[ adding linux-rdma ]
On Thu, Nov 30, 2017 at 10:17 AM, Michal Hocko mhocko@kernel.org wrote:
On Thu 30-11-17 10:03:26, Dan Williams wrote:
On Thu, Nov 30, 2017 at 9:42 AM, Michal Hocko mhocko@kernel.org wrote:
On Thu 30-11-17 08:39:51, Dan Williams wrote:
On Thu, Nov 30, 2017 at 1:53 AM, Michal Hocko mhocko@kernel.org wrote:
On Wed 29-11-17 10:05:35, Dan Williams wrote:
Until there is a solution to the dma-to-dax vs truncate problem it is not safe to allow long standing memory registrations against filesytem-dax vmas. Device-dax vmas do not have this problem and are explicitly allowed.
This is temporary until a "memory registration with layout-lease" mechanism can be implemented for the affected sub-systems (RDMA and V4L2).
One thing is not clear to me. Who is allowed to pin pages for ever? Is it possible to pin LRU pages that way as well? If yes then there absolutely has to be a limit for that. Sorry I could have studied the code much more but from a quick glance it seems to me that this is not limited to dax (or non-LRU in general) pages.
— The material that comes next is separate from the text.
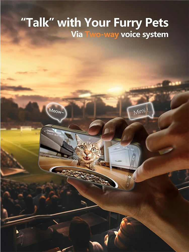 O alimentador inteligente Furpipi para animais de estimação possui uma câmera HD com alta resolução de 1080p e amplo ângulo de visão, permitindo que você veja e ouça seu animal de estimação a qualquer hora e em qualquer lugar, garantindo que você não perca nada.

I would turn this question around. "who can not tolerate a page being pinned forever?".
Any struct page on the movable zone or anything that is living on the LRU list because such a memory is unreclaimable.
In the case of filesytem-dax a page is one-in-the-same object as a filesystem-block, and a filesystem expects that its operations will not be blocked indefinitely. LRU pages can continue to be pinned indefinitely because operations can continue around the pinned page, i.e. every agent, save for the dma agent, drops their reference to the page and its tolerable that the final put_page() never arrives.
I do not understand. Are you saying that a user triggered IO can pin LRU pages indefinitely. This would be _really_ wrong. It would be basically an mlock without any limit. So I must be misreading you here
You're not misreading. See ib_umem_get() for example, it pins pages in response to the userspace library call ibv_reg_mr() (memory registration), and will not release those pages unless/until a call to ibv_dereg_mr() is made.
Who and how many LRU pages can pin that way and how do you prevent nasty users to DoS systems this way?
I assume this is something the RDMA community has had to contend with? I'm not an RDMA person, I'm just here to fix dax.
I remember PeterZ wanted to address a similar issue by vmpin syscall that would be a subject of a rlimit control. Sorry but I cannot find a reference here
https://lwn.net/Articles/600502/
but if this is at g-u-p level without any accounting then it smells quite broken to me.
It's certainly broken with respect to filesystem-dax and if there is other breakage we should get it all on the table.